Joining the Regional Aquaculture Disease Network is Vital to Protecting the S’wak Industry
KUCHING (August 23): Sarawak must be part of a regional network monitoring aquaculture diseases to protect the local industry, said Datuk Patinggi Tan Sri Abang Johari Tun Openg.
Sarawak’s Prime Minister pointed out that with a 1,000 km long coastline and huge inland water bodies covering an area of 150,000 ha, the state has the potential to generate export revenue through aquaculture.
He said that the Post-Covid-19 Development Strategy (PCDS) 2030 has given considerable importance to the potential of the aquaculture industry.
“For this reason, I cannot stress enough the need for Sarawak to be part of the regional aquaculture disease information sharing network to protect the state’s aquaculture industry,” he said. in a speech at the opening of the 11th Symposium on Diseases. in Asian aquaculture (DAA11) today.
He was represented by Deputy Prime Minister Datuk Amar Awang Tengah Ali Hasan.
Abang Johari noted that while there are new market opportunities for farmed aquatic animals, whether for food or ornamental fish, this has also facilitated the spread of pathogens and their diseases.
“Timely action can help limit the spread of foodborne microorganisms and antimicrobial-resistant zoonoses, which can infect humans, animals and plants through various routes of transmission. These routes of transmission include direct contact with animal and human sources, and indirect transmission through the environment and the food supply chain.

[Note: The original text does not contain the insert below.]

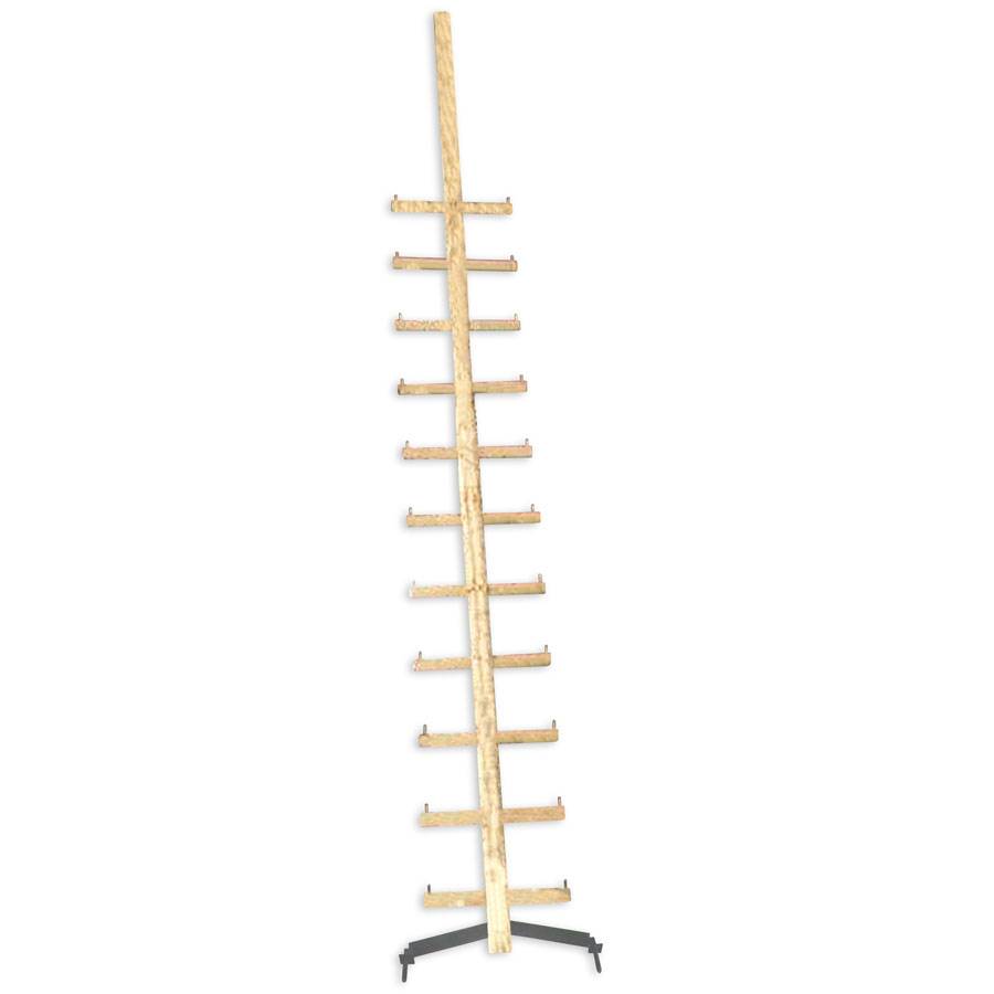 Nachdem die aus Tirol stammende Baumleiter ziemlich in Vergessenheit geraten war, hat sie in letzter Zeit aus Metall als „Tiroler Steigtanne“ eine Renaissance erlebt. Dieses Modell wird traditionell aus einer Fichtenstange mit eingezapften und verdübelten Hartholzsprossen hergestellt. An den Enden der Sprossen verhindern Holzzapfen ein seitliches Abrutschen des Fußes. Der Vorteil der Leiter liegt in dem beweglichen Fuß, der mit 7 cm langen Spitzen sicheren Halt auch auf unebenem gewachsenem Boden bietet. Die Leiter muss dabei immer in einer Astgabel angelegt werden! Fichtenstange als Holm Hartholzsprossen Holzzapfen an den Sprossen verhindern ein seitliches abrutschen Traglast: 120 kg beweglicher Fuß mit 7cm langen Spitzen Breite Leiter 40 cm Fuß min. 40 cm Wichtiger Hinweis Eine ausdrückliche Genehmigung der Berufsgenossenschaft besteht nicht, die Leiter erfüllt jedoch die Festigkeitsnormen der EN131 und ähnelt der geprüften Version aus Aluminium. Trocknungsrisse sind nicht vermeidbar und können vorkommen.

“For example, a mass mortality of caged tilapia was reported in July 2017 due to Tilapia Lake Virus (TiLV) in Batang Ai Aquaculture Industrial Zone. This prompted the Ministry of Agriculture to quickly collaborate and liaise with the Malaysian Department of Fisheries (DOF) and National Fish Health (NaFISH) to monitor and contain the outbreak with appropriate measures,” said he declared.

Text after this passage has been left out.